In a recent study, our colleagues compared traditional, centrally trained prediction models with federated, edge-based learning approaches. While central models collect all data in one place, federated learning stores the measurement data directly in households or at local gateways. Only anonymized model updates are exchanged and merged centrally. The results of the study were presented at the prestigious Innovative Smart Grid Technologies Europe 2025 conference, organized by the IEEE.
Learning at the edge of the network instead of central data collection
The study analyzed several common machine learning methods, including tree-based ensemble models and deep neural networks. Realistic photovoltaic and weather data, simulated for several prosumer households, formed the basis of the study.
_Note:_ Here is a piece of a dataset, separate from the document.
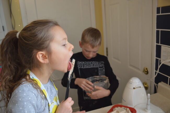 Cooking with children can be an academic activity. They can practice reading the measurements. (I would recommend double-checking their ability to read fractions and the difference between a tablespoon and a teaspoon, however! 1/2 teaspoon of baking soda being misread as 2 tablespoons could be a pretty dramatic misreading.) The kids can write the recipe out on an index card for handwriting/copy work (and creating their own recipe box). You can work on fractions and addition (especially if you are doubling the recipe). You can talk about chemical reactions with baking soda and yeast. Cooking can be a morning of homeschool (even if, like us, you don’t technically homeschool!). Or not. Remember, you are in charge, and sometimes just letting them do the fun parts and then running off to let you have some peace and quiet is ok too.
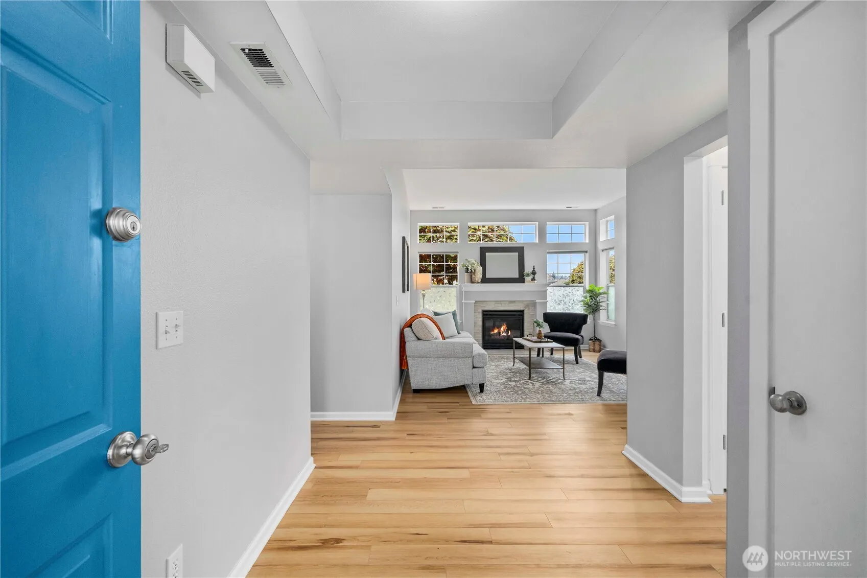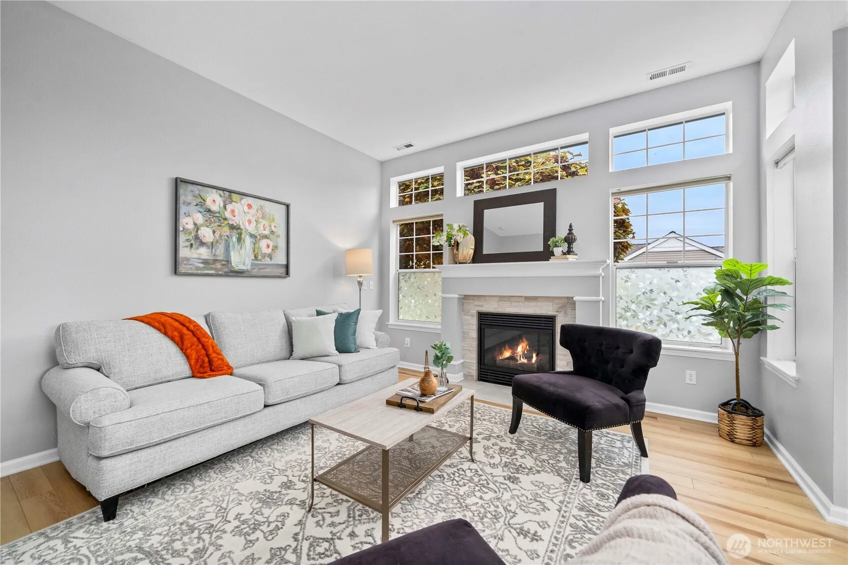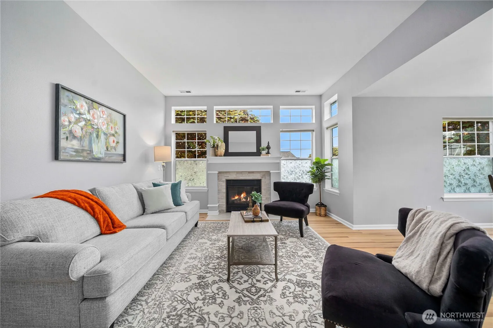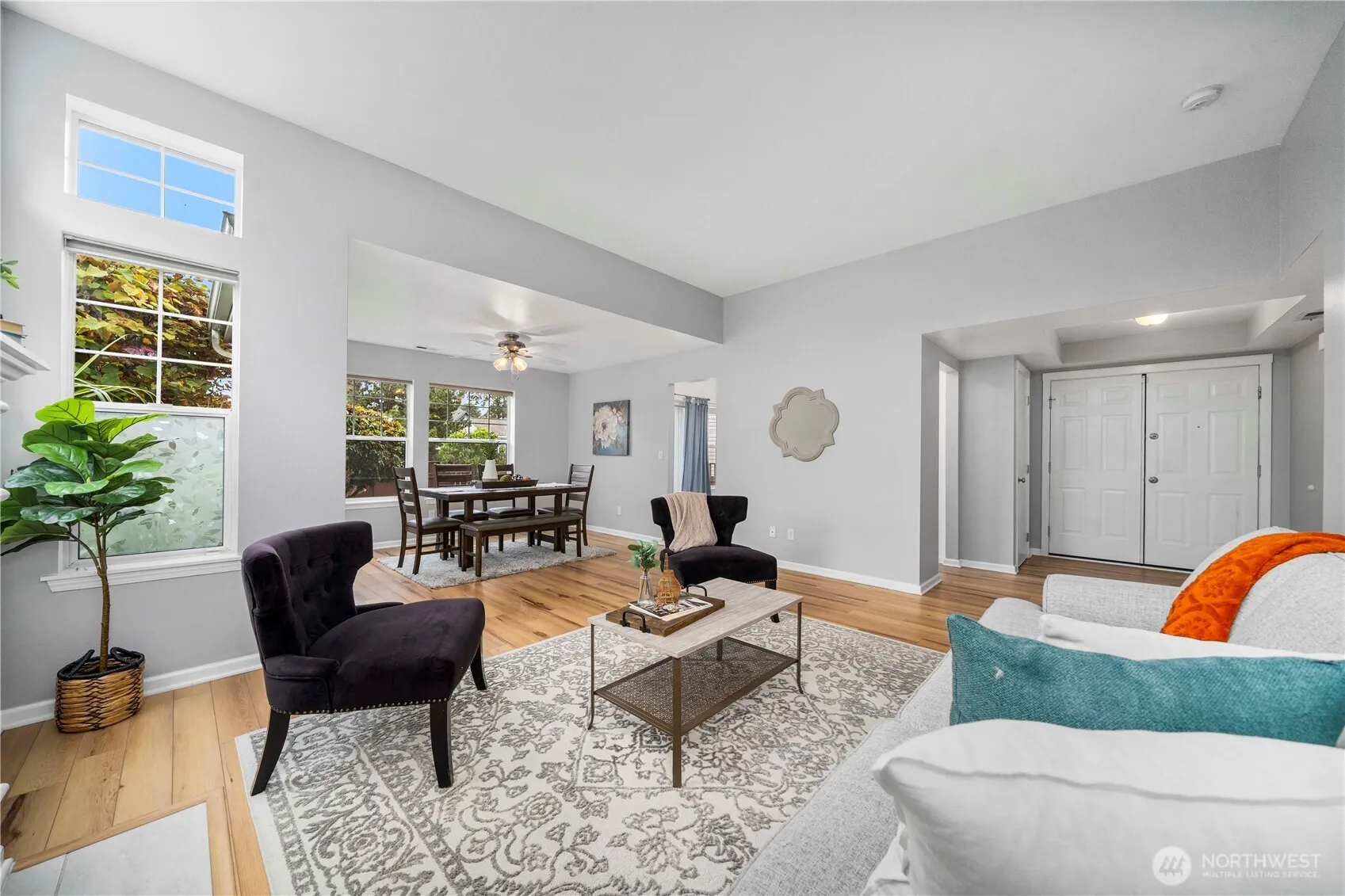 Lovely and bright Riverwalk! Detached rambler/condo, nice open airy floorplan with high ceilings. Newer easy care luxury plank vinyl thruout living area. Formal dining + kitchen nook. Nicely updated eat-in kitchen has smooth cook top stove/oven, microwave, Corian counters, stylish subway tile backsplash, newer light fixtures. Large primary suite w/walk in closet. Luxurious tiled ensuite bath and huge shower. Handy utility room w/cabinets. Fenced and landscaped backyard great for pets and outdoor entertaining. Sprinkler system, Central A/C. This community has walking trails along the Puyallup river. Easy commute to freeways.

The evaluation focused on forecast accuracy, computational effort, and sustainability for data protection-friendly applications.
The results show that, although centrally trained models achieve the highest accuracy, this requires the aggregation of all sensitive household data. Federated models, on the other hand, deliver a forecast quality that is almost comparable, especially when multiple households learn together in a federation.
Robust compromise between accuracy and data protection
A tree-based method known as histogram gradient boosting was found to be particularly suitable. It strikes a robust balance between prediction quality, computing power, and data protection. Although deep neural networks can also achieve very good results, they are significantly more resource-intensive and less efficient in smaller federations.
The study suggests that a federated approach involving around a dozen participating households is particularly promising. This approach enables good predictive performance while maintaining a high level of data protection and a moderate training effort.
Relevance for energy communities and networks
The results are particularly relevant for collaborative applications, such as energy communities, local flexibility markets, and prosumer-oriented grid control. More accurate forecasts can help to reduce peak loads, make better use of local generation, and enable the more intelligent planning of flexible applications, such as time-shifted charging or energy-intensive processes. All of this can be achieved without collecting sensitive household data centrally.
The study therefore highlights the importance of AI solutions that protect data as a vital part of the energy transition. Federated learning opens up new possibilities for photovoltaic forecasting, even in areas where data protection has previously posed a significant challenge, such as among distribution network operators and local energy communities.
The project was funded by the State of Salzburg’s “Excellence in Digital Sciences and Interdisciplinary Technologies (EXDIGIT)” initiative.
Publication: Narges Mehran; Peter Dorfinger; Nicola Leschke; Frank Pallas (2025): CF-PV: Centralized vs. Federated Edge-based Prediction Models for PV Energy Production In: 2025 IEEE PES Innovative Smart Grid Technologies Conference Europe (ISGT Europe).